Extend the line
Mathematica, 125 bytes
ImageRotate@Image@SparseArray[Array[Floor,101,#&@@ImageLines[ColorNegate@#,Method->"RANSAC"]]+1->0,{101,101},1][[;;-2,;;-2]]&
Explanation
ImageLines detect lines in the image with method RANSAC. We take the first detected line and convert it back to an image. The whole function takes an image as the argument and returns an image.

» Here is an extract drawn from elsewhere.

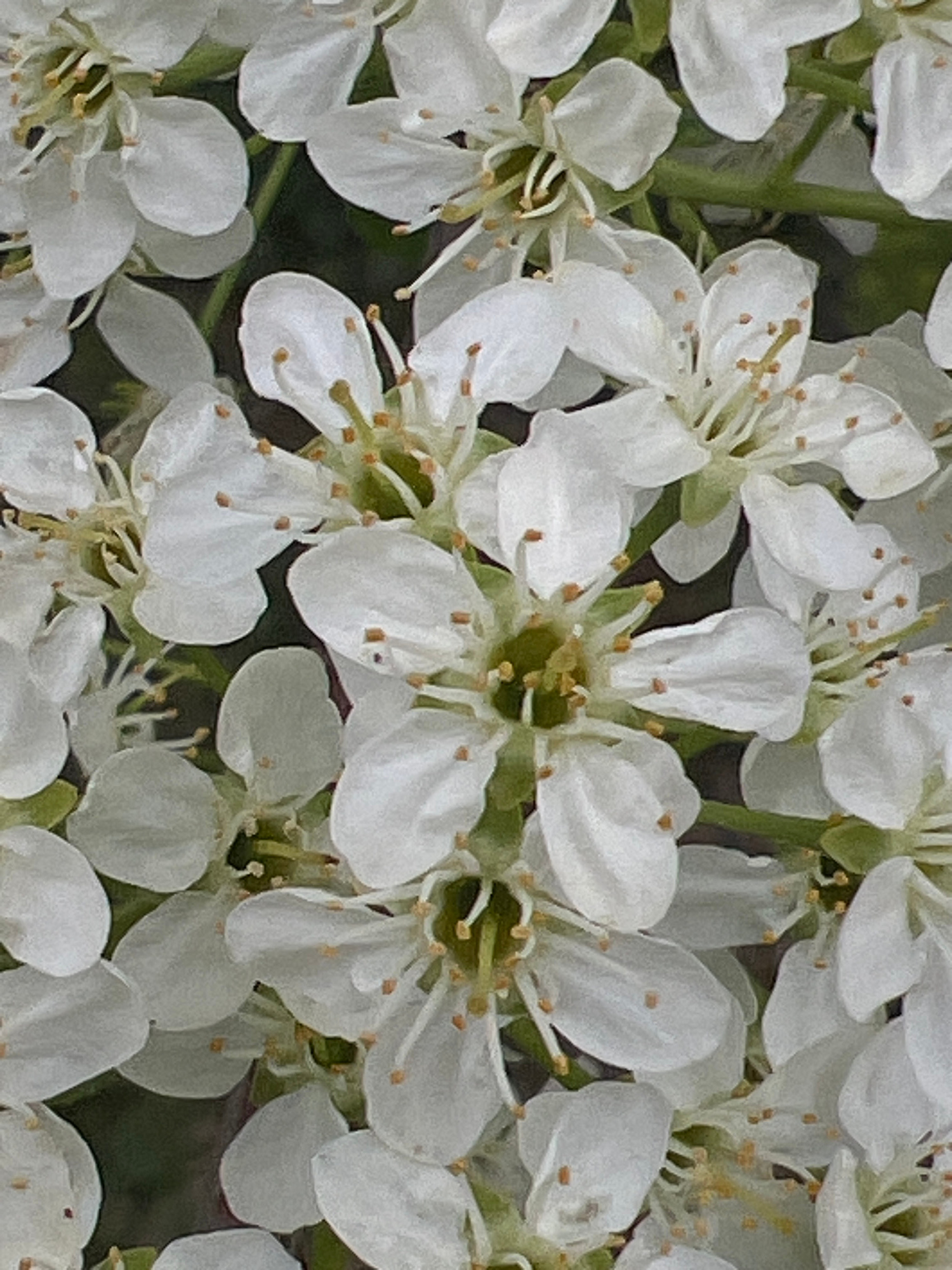 Close-up view of white blossoms. The image contains numerous flowers with five white petals each, arranged in a dense cluster. The centers of the flowers display visible stamens with yellow tips. The…read more

APL (dzaima/APL), 93 bytes
{w←⍵⋄m←÷/(⊢/-⊃)p←⍸¯1≠⍵.mat⋄y x←⊃p⋄P5.size←⍵.sz⋄P5.setup←{P5.G.bg¯1⋄P5.G.ln∊{⍵,y+m×⍵-x}¨⍳101}}
Try it online!
A dfn which takes the image as an APLImg object. Taking the image as a URL is 102: Try it online!
Uses ⎕IO←0 (0-indexing).
The function effectively takes the line, calculates its equation and redraws it.
Explanation
Slope calculation:
m←÷/(⊢/-⊃)p←⍸¯1≠⍵.mat
⍵.mat get the image as an integer matrix
¯1≠ check which pixels aren't white
⍸ get all the required coordinates
p← store in p
(⊢/-⊃) subtract the last point from the first
÷/ reduce by division
y x←⊃p store the first point in y and x
P5.size←⍵.sz set canvas size to image size
Draw the image:
P5.setup←{P5.G.bg¯1⋄P5.G.ln∊{⍵,y+m×⍵-x}¨0,w.width}
P5.setup←{...} draw the following once:
P5.G.bg¯1 set the background to white
P5.G.ln∊{⍵,y+m×⍵-x}¨⍳101 draw lines between the following points:
{...}¨0,w.width get the points for each x in 0-100:
y+m×⍵-x \$y = y_1+m(x-x_{1})\$
⍵, pair the x value with that
∊ enlist so it can be drawn